Summary: Friction Events by Tool
| Tool | Exp 1 | Exp 3 | Exp 7 | Exp 9 | Exp 10 | Total |
|---|---|---|---|---|---|---|
| Claude Code | 0 | 2 | 2 | 0 | 0 | 4 |
| Codex CLI | 0 | 0 | 1 | 3 | 4 | 8 |
| Gemini CLI | 0 | 0 | 0 | 0 | 0 | 0 |
Tool Personality Profiles
Claude Code: "The Helpful Teacher"
- Strength: Project awareness, iterative modification
- Weakness: Over-documentation
- Pattern: Adds docstrings and type hints even when not requested
Codex CLI: "The Defensive Programmer"
- Strength: Minimal output for simple isolated tasks
- Weakness: Multi-file projects, interface stability
- Pattern: Adds validation, creates new files, changes interfaces
Gemini CLI: "The Precise Executor"
- Strength: Exactly what you asked, nothing more
- Weakness: None identified
- Pattern: Most minimal output, follows existing patterns
Series Conclusion
Across all three articles:
| Article | Winner | Claude Code | Codex CLI | Gemini CLI |
|---|---|---|---|---|
| 1: Flow-State | Gemini CLI | 3 | 2 | 0 |
| 2: Idiomatic | Gemini CLI | 1 | 4 | 0 |
| 3: Full Audit | Gemini CLI | 4 | 8 | 0 |
| Total | Gemini CLI | 8 | 14 | 0 |
Key Findings
-
Syntax is universally reliable. Bracket completion is no longer a differentiator.
-
Gemini CLI produces zero friction. Its "precise executor" approach delivers exactly what's requested.
-
Claude Code over-documents. Helpful for learning, friction for experienced developers.
-
Codex CLI has critical weaknesses:
- Generates deprecated library patterns (Pydantic v1)
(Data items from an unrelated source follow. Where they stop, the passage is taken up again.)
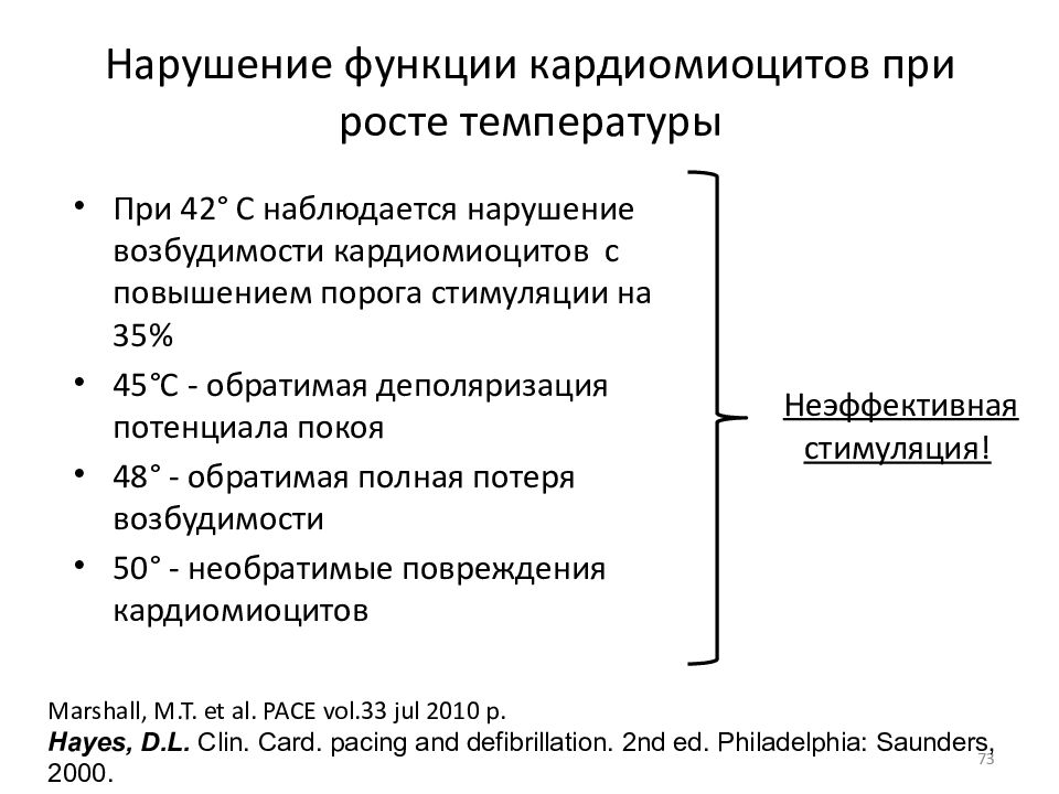 При 42° С наблюдается нарушение возбудимости кардиомиоцитов с повышением порога стимуляции на 35% 45°С - обратимая деполяризация потенциала покоя 48° - обратимая полная потеря возбудимости 50° - необратимые повреждения кардиомиоцитов Неэффективная стимуляция! 73 Marshall, M. T. et al. PACE vol.33 jul 2010 p. Hayes, D.L. Clin. Card. pacing and defibrillation. 2nd ed. Philadelphia: Saunders, 2000.
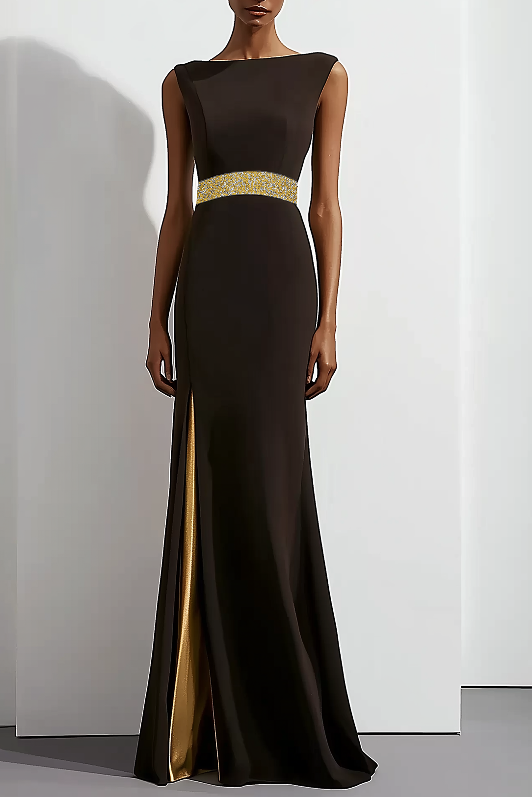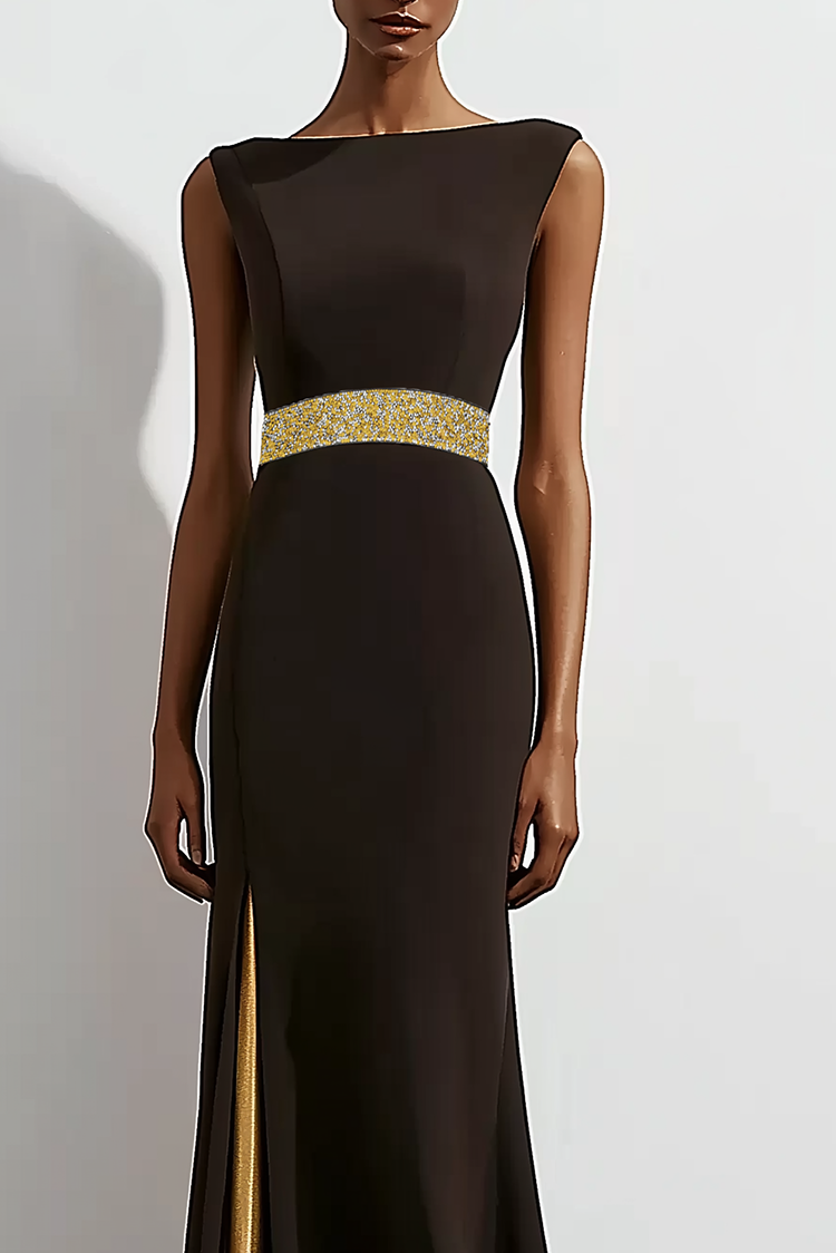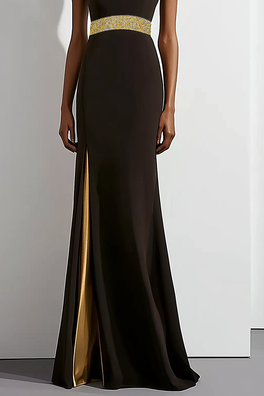 Formal Evening Dress Black Sleeveless Round Neck Floor-Length Dress
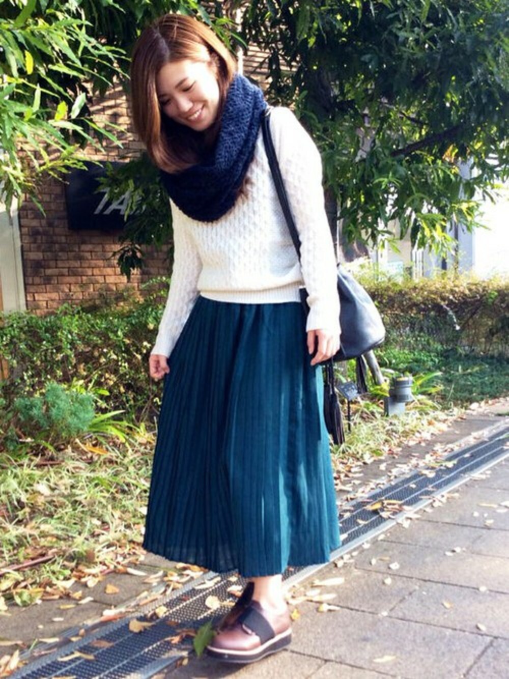 OFFの日におすすめの大人カジュアルコーディネートです。 冬にも活躍するざっくりニット。白はやっぱり持っておきたいカラーです。 スカートは幅が狭いプリーツなので、ガーリーになり過ぎないのが嬉しいポイント。 ストンと落ちるシルエットはとても綺麗です。 スヌードはあたたかいだけでなく、首元にボリュームをだすことで小顔効果がねらえます♪
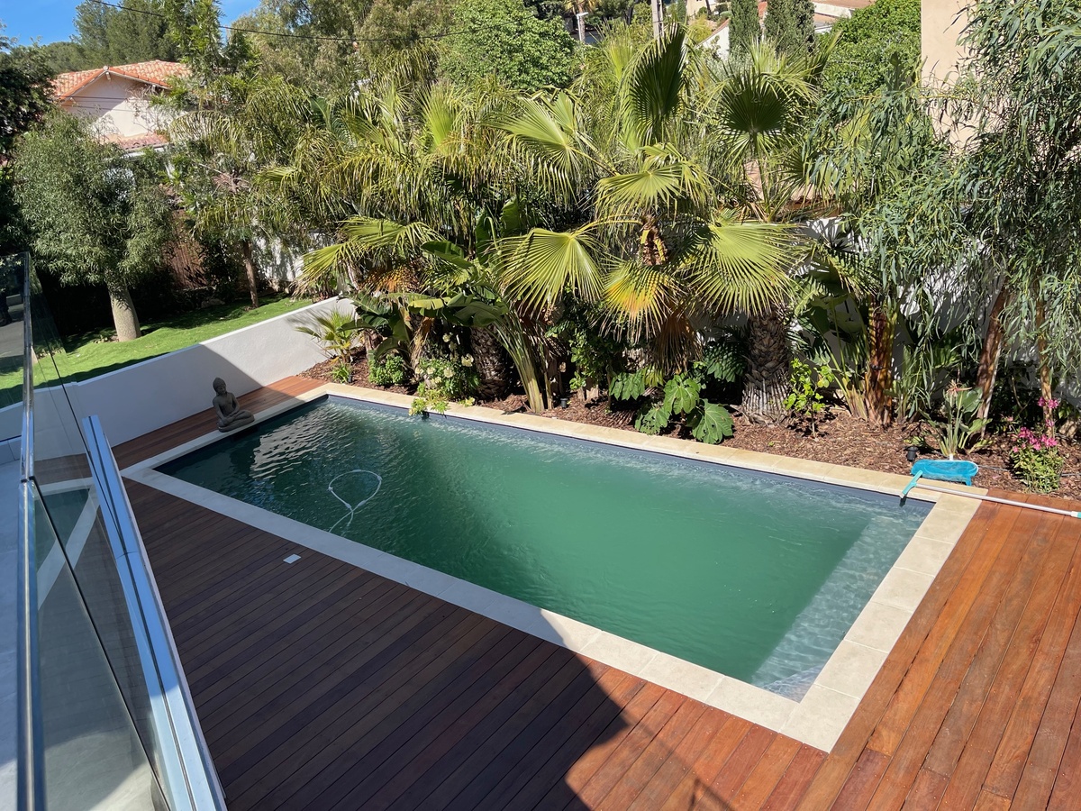 It features all the hallmarks of a contemporary villa: aluminium sliding patio doors, new semi-open, fully-equipped kitchen, reversible air conditioning, electric roller shutters, new 9 x 3 m swimming pool with large Cumaru terrace, top-quality fixtures and fittings.
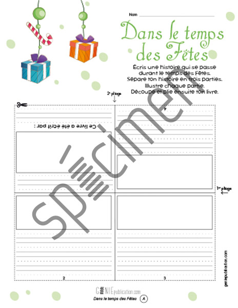 L'élève doit écrire une petite histoire qui se passe dans le temps des Fêtes.
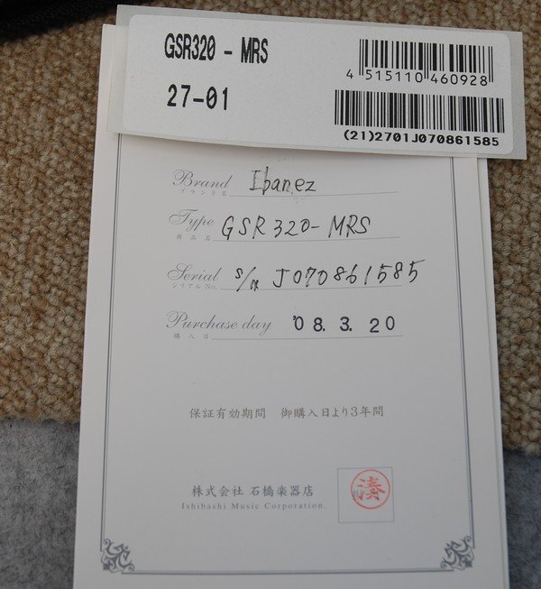 ☆【Ibanez / アイバニーズ エレキベース GSR320-MRS】星野楽器 ソフトケース付 N10166
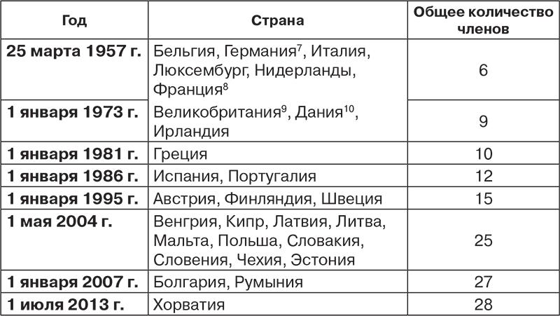 • постепенное присоединение к образовавшемуся ядру новых государств, которых с 1 июля 2013 г. стало 28;
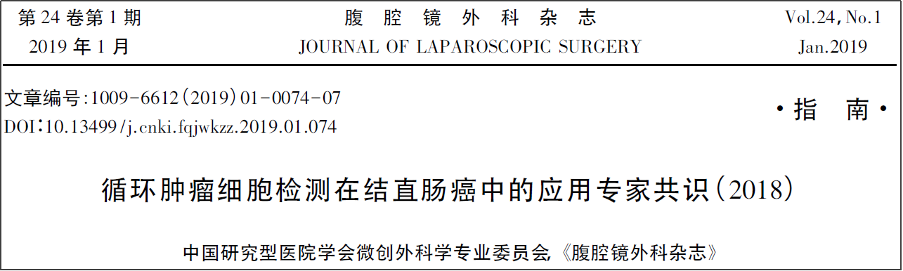 2. 循環(huán)腫瘤細(xì)胞檢測在結(jié)直腸癌中的應(yīng)用專家共識(shí)(2018).腹腔鏡外科雜志,2019,24(01):74-80.
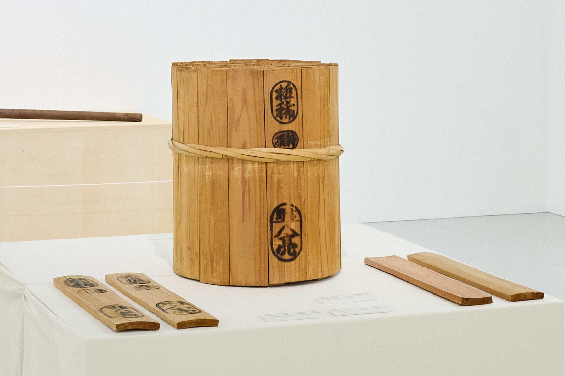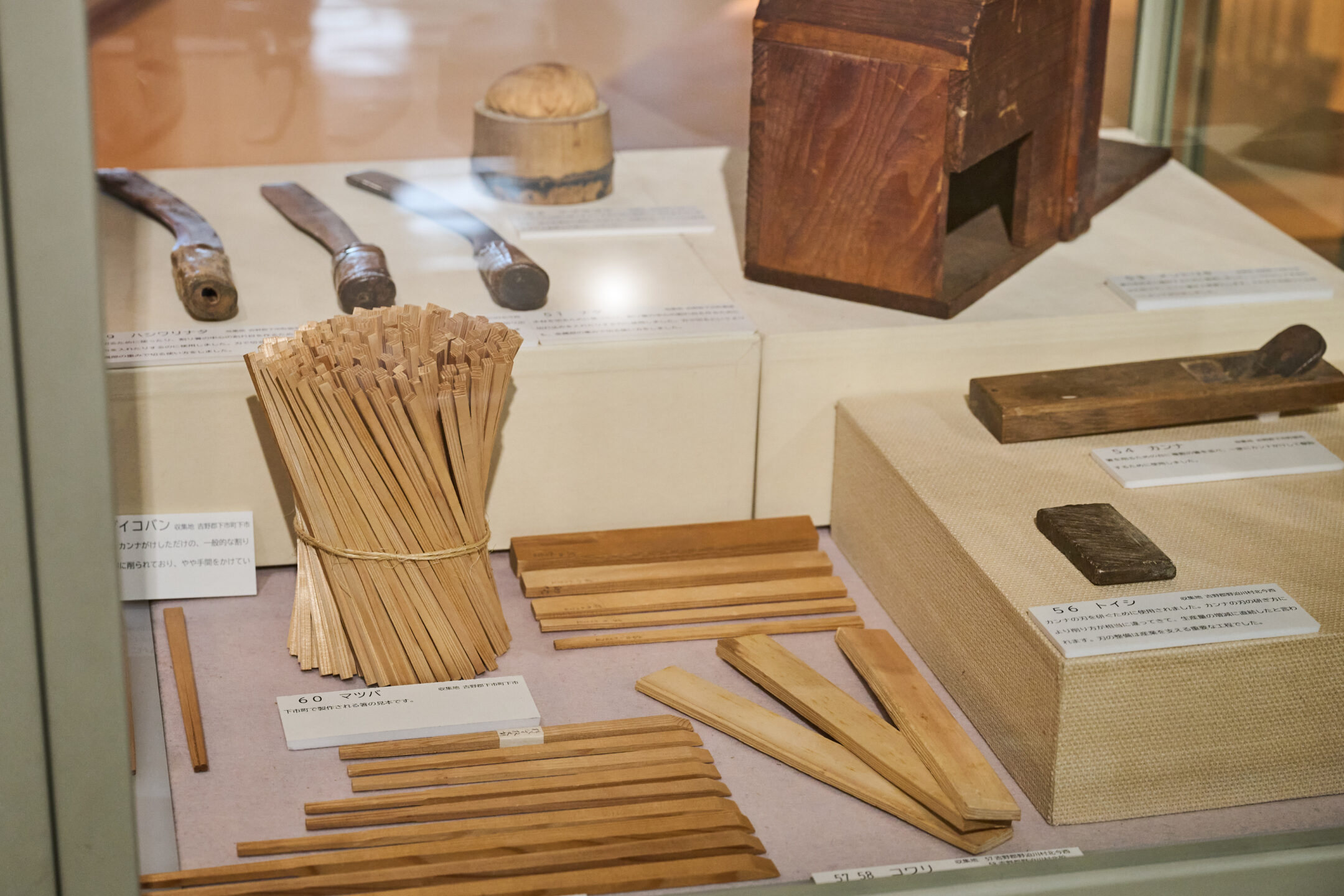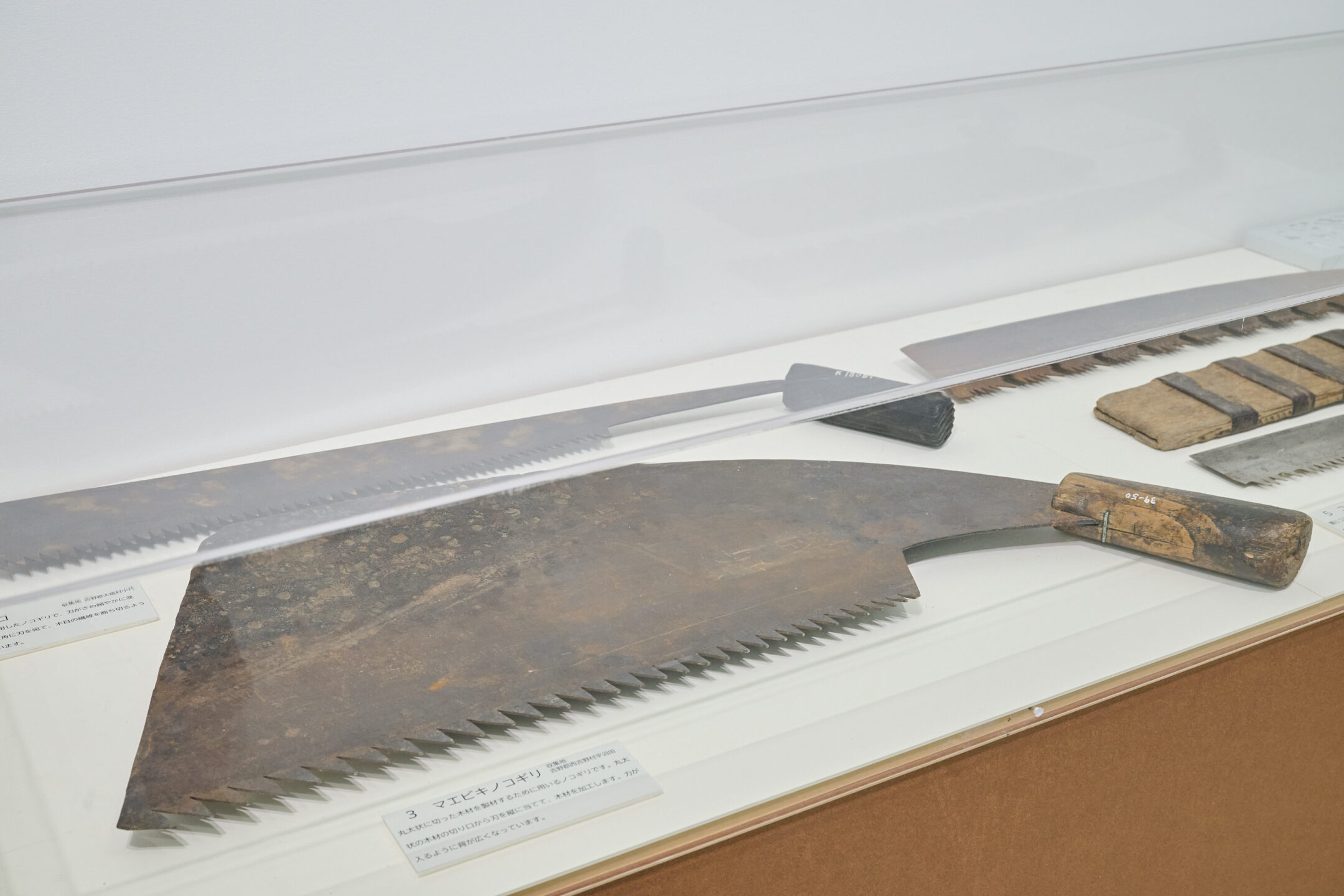 今回の特別展にあわせて、美術館1階では、奈良県立民俗博物館企画のギャラリー展「吉野林業の世界」も開催。木を切り倒す斧やノコギリなどの林業用具だけでなく、吉野林業で発展した酒樽や割り箸などの林産加工用具などの展示品を通して木を利用してきた人間の営みを伝える企画です。同じように見える手作りの道具でも、用途にあわせて違っていたり、繊細で工夫が凝らされていたりする点も見どころです。林業に関わる先人たちが、道具を工夫し、改善し進化を遂げより良い結果を残してきた証に、奈良の木への想が偲ばれます。
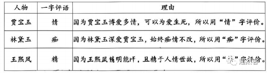 22.“一字評語”是以一個字來評價人物的形象特征,用語雖短小、卻常常能給出恰當準確的評價。《紅樓夢》中人物眾多,但各自形象鮮明、請仿照下表示例,從"賈寶玉、林黛玉、王熙鳳"中任選兩位,使用包含因果關系的句子闡述其"一字評語"的理由。
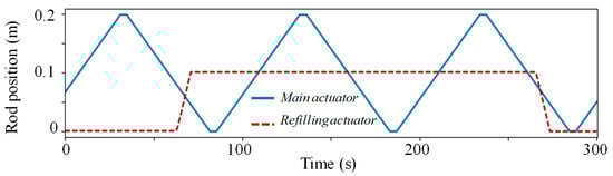 Figure 17 shows the operation of the two actuators and their rods’ positions during the running cycles. The design of these actuators, that is, the piston surface design, has led to consider a total stroke of 0.2 m for the main actuator and 0.1 m for the refilling actuator. The main actuator rod is always in movement, oscillating between its initial position and its end stroke with a constant speed, as the mass flow rate of the brine is controlled and maintained to a constant value. This oscillating movement demonstrates the correct actuator sizing. The other actuator, the refilling one, is activated at every refilling phase, which takes place during a beta phase. It goes until its total stroke is reached, and remains in its position until the next refilling phase, activated by a low liquid level of working fluid in the evaporator.
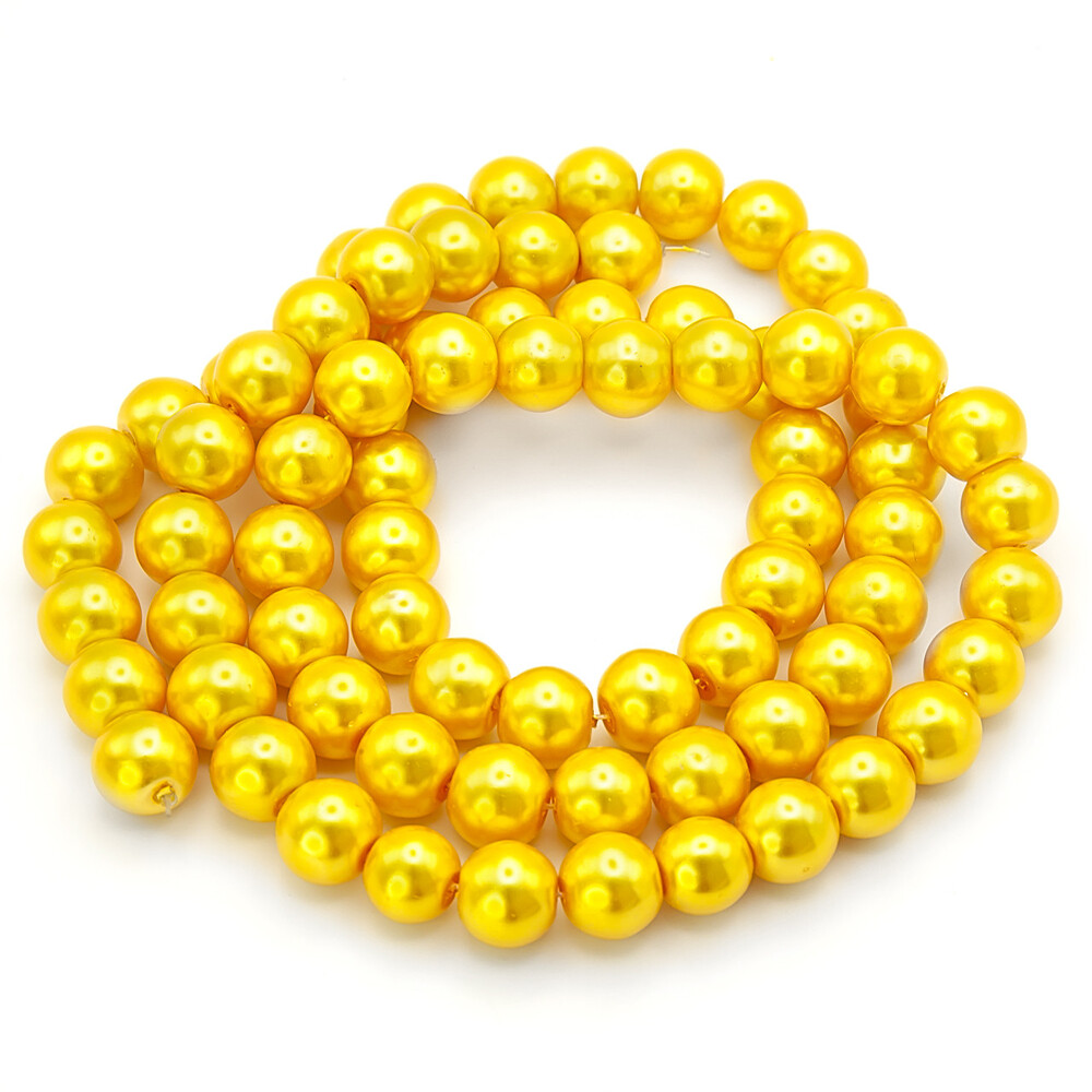 Бусины стекло под жемчуг Шар 12 мм ±68 шт. 80 см 67 Желтый
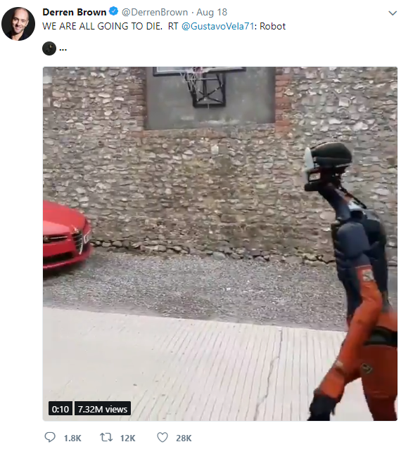 Nhiều người đã rầm rộ chia sẻ đoạn video về một chú robot đáng sợ. Chú robot giống hệt người này làm người xem thực sự ngỡ ngàng. Họ sợ hãi lo ngày tận thế cho loài người sắp tới.

- Struggles with multi-file context
- Breaks interfaces during iteration
-
Choose your tool based on context:
- Gemini CLI: Experienced developers who know what they want
- Claude Code: Learning, documentation-heavy projects
- Codex CLI: Simple, isolated, greenfield tasks
Experiment Repository
Full session transcripts, prompts, and metrics: github.com/nsameerd/ai-coding-papercuts-experiment
This concludes the AI Coding Papercuts series. The papercut framework reveals not catastrophic failures, but cumulative micro-frictions—the small inefficiencies that compound into significant productivity loss.
Choose your tool based on your stack, context, and experience level.